Inter VLAN Routing - Internet Access

asterix

@Derelict:

Do yourself a favor and watch for Brocade ICX-6450s too. Cisco 3750s can be had as well, though they will likely only be 100M with gig uplinks.

You want an IPv6 L3 switch and don't want to spend any money? Really?

I am not looking to buy overpriced switches. My current switch does have IPv6 L3 functionality but it's hidden and can only be enabled with an IPv6 license which will cost somewhere over the $450 price range. Hence I am looking for better options as I am not willing to pay that exorbitant price for un-hiding something already there.

Derelict

You can easily get a new L3 switch for under $450. A brand new SG300-52 costs about that.
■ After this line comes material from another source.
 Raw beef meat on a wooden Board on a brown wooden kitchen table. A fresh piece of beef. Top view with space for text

If you need the functionality they offer they are not overpriced.

asterix

Yup looking into them. Now do any of these cisco switches need additional licensing? Or have to pay yearly fees for functionality? the SG300 does IPv6 vlan routing right?

johnpoz

Yes the sg300 does ipv6 routing, and no you don't need to by any extra licensing for it..  I would look to the sg350 though, the sg300 is end of life..

http://www.cisco.com/c/en/us/products/collateral/switches/small-business-stackable-managed-switches/eos-eol-notice-c51-733213.pdf
The one I would be worried about is the end of sw support.. Which this doc says was april of 2015, but they just released

Sx300 Firmware Version 1.4.7.05 09-DEC-2016

Which I am running on mine.. I currently do not run my sg300 in L3, I have no use for it on my network as of yet.  While I do have in works upgrade to my pfsense, its currently running on old HP microsever as a vm and can not route at gig..  Can only seem to get about 400-500mbps between segments.  But for me that is fine..  I have all the devices I really need full gig between on the same network.
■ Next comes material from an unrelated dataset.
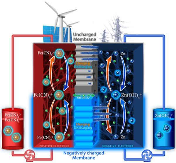 鋅鐵液流電池選用礦藏儲量豐富且價格穩(wěn)定的鋅、鐵元素組成配對,依靠鋅酸鹽離子和鐵離子之間的電化學反應來實現(xiàn)電能的儲存和釋放,采用堿性電解液,擁有零爆炸零燃燒的特性,電池放電次數(shù)超過20000次,使用壽命超過20年,在額定功率輸出下,放電時長超過8小時。

While you might be able to find some sg300 a few bucks cheaper..  They currently have announced end of software maint.. So you may never see another update that is not for a major security fix, etc.  For example I would love to see it support chacha20 for its ssh.. But I don't think that is going to happen..

asterix

hmm end of software maint is not good. The sg350 is still pretty expensive. I will keep an eye on eBay for sg350, sg300 and sg500. I may get one if the price is hard to beat or will wait for the sg350 to drop in price.

johnpoz

What port density are you looking for?  I saw and listed a sg350 for <200 on amazon.

johnpoz

Ah - your looking for 48 ports, yeah that can get a bit pricey.. You sure you can not just use a smaller port density L3 as your core/distribution layer to handle your routing and then a simple L2 switch for your port density?  You can use uplinks per vlan to your L3 switch to your L2 so you do not hairpin or have to share bandwidth on interfaces for intervlan traffic.

"They advertised it but never added the feature. Expected sometime after sept 2017."
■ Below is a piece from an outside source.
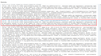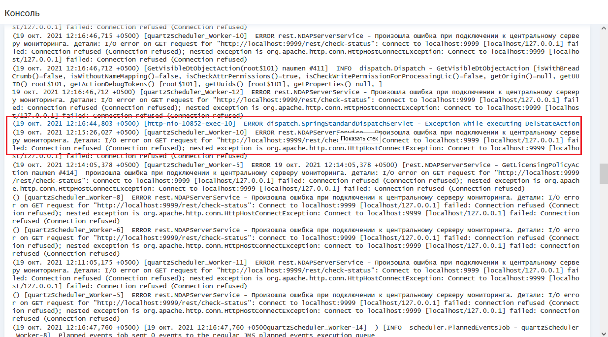 Сообщения лога с возможностью просмотра дополнительной информации об ошибке (стектрейсе ошибки в логе) выделяются синим цветом шрифта. По умолчанию дополнительная информация скрыта. При наведении курсора на данное сообщение, курсор изменяет свой вид и появляется подсказка "показать стек".

Keep in mind what specific switch your looking at with unifi, there are the "unifi" switches and then their are the edgeswitches and then teh edgeswitches-lite

From my understanding the ES have L3, but the unifi switches as of yet do not.. The unifi switches are cheaper per port density.  But the edgeswitch lite 48 port lists for $400 and clearly its states L3 support on the product page.. If that is not the case they really should adjust their datasheet and product page..

asterix

https://community.ubnt.com/t5/EdgeSwitch/EdgeSwitch-L3-IPv6-Routing/m-p/1609932/highlight/true#M8056

Their current platform has no L3 IPv6 routing functionality.

johnpoz

Well that is show stopper then.. ;)  They really should update their DS to state ipv4 routing only..

richley

How did you setup your transit in the end? Trying to do the same and it isn't working. Currently using management as my transit. Are you able to describe how you setup the transit as I have contacted netgear and they don't seem to have a concept of a transit vlan and are asking me to create a vlan on pfsense for it.

Pfsense:
Pfsense lan default gateway 192.168.10.246

Created gateway 192.168.10.1 Inc static routes etc on pfsense under routing.

Switch:

Created management vlan (15) 192.168.15.0

Ip: 192.168.15.2
Default gateway: 192.168.15.1 but it won't let me set it and defaults to 0.0.0.0

Static route also changes to 192.168.15.1 rarther than 192.168.10.246

Created vlan (10) 192.168.10.0

Default gateway 192.168.10.1

Untagged a port for all vlans and set its pvid to 10. Plugged the pfsense lan port into this switch port (transit link)

I'm clearly not doing it right please help.